Show, Don’t Just Tell
Even when companies explain their value, it often stays abstract. That’s why showing matters as much as telling. Customers need to see how a product or service is used.
Examples and scenarios bring offerings to life. An explainer video can show a software tool in action. A case study can highlight how another company solved a problem. A “day in the life” story can demonstrate how the product integrates into everyday routines.
Relatable customer stories are especially powerful. When a prospect sees someone like them using your product, it sparks recognition. They think, “I can see how this would work for me.”
This is especially critical for complex or intangible services. Consulting, training, and software can all feel abstract. Showing real applications builds confidence. It turns theory into practice.
Why Clarity Wins
Clarity reduces friction. The clearer your message, the faster customers act. They don’t have to stop and interpret; they just understand.
Second, clarity builds trust. Simple words feel honest. Overly clever or vague words feel like spin. When customers can quickly grasp what you do, they’re more likely to believe you can deliver.
Third, clarity scales. Clear language works across cultures, platforms, and audiences. Simple explanations help people understand when jargon fails.
Finally, clarity lowers barriers. If someone new to your industry can’t understand your business in under ten seconds, you’re making it too hard. And in a world where attention spans are short, that’s a risk you can’t afford.
How to Do It Well
Communicating clearly takes conscious effort. Here are some ways to make it happen:
Test your messaging with outsiders. Ask someone unfamiliar with your business to explain what you do after they see your homepage or hear your pitch. If they can’t, your message needs work.
Replace insider terms with customer language. Use the words your customers use to describe their problems. Customer reviews, support tickets, and sales calls are rich sources of this language.
Use plain words for your value proposition. A simple formula is, “We make X for Y to do Z.” For example, “We make accounting software for small businesses to simplify taxes.”
Translate features into benefits. Don’t just say what the product has. Explain what that means for the customer.
Show real use cases. Use demos, case studies, and stories to make your product tangible.

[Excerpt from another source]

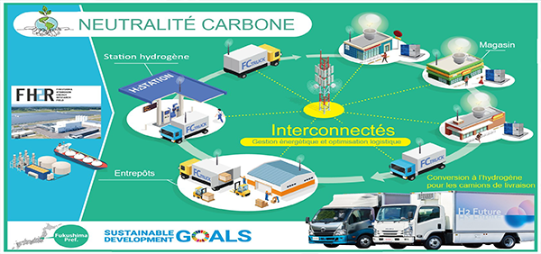Isuzu, Hino et Toyota visent la neutralité carbone et, à travers leur partenariat tripartite, ils souhaitent participer à la construction d'une nouvelle ville du futur à Fukushima. Cette dernière, s’intéresse à l'hydrogène, une nouvelle forme d'énergie, et a entrepris de bâtir l'un des premiers modèles de société hydrogène.
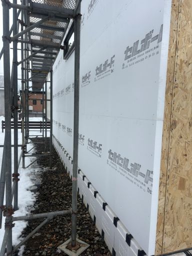 その断熱材(セルボード)を外壁全体に取付していきます。

Audit your materials. Can someone new understand your business in under 30 seconds? If not, simplify.
Place information where people expect it. Don’t bury pricing, shipping info, or support contacts. Put them where users naturally look.
Clarity is often overlooked because it feels simple. But simple is not the same as easy. It requires you to step outside your bubble, speak in plain terms, and design for readability and comprehension.
When you achieve clarity, everything else in marketing gets easier. Your design works harder. Your language connects better. Your growth comes faster.
The businesses that win are the ones that communicate with such clarity that anyone, even someone hearing about them for the first time, immediately understands what they do, why it matters, and how to take the next step.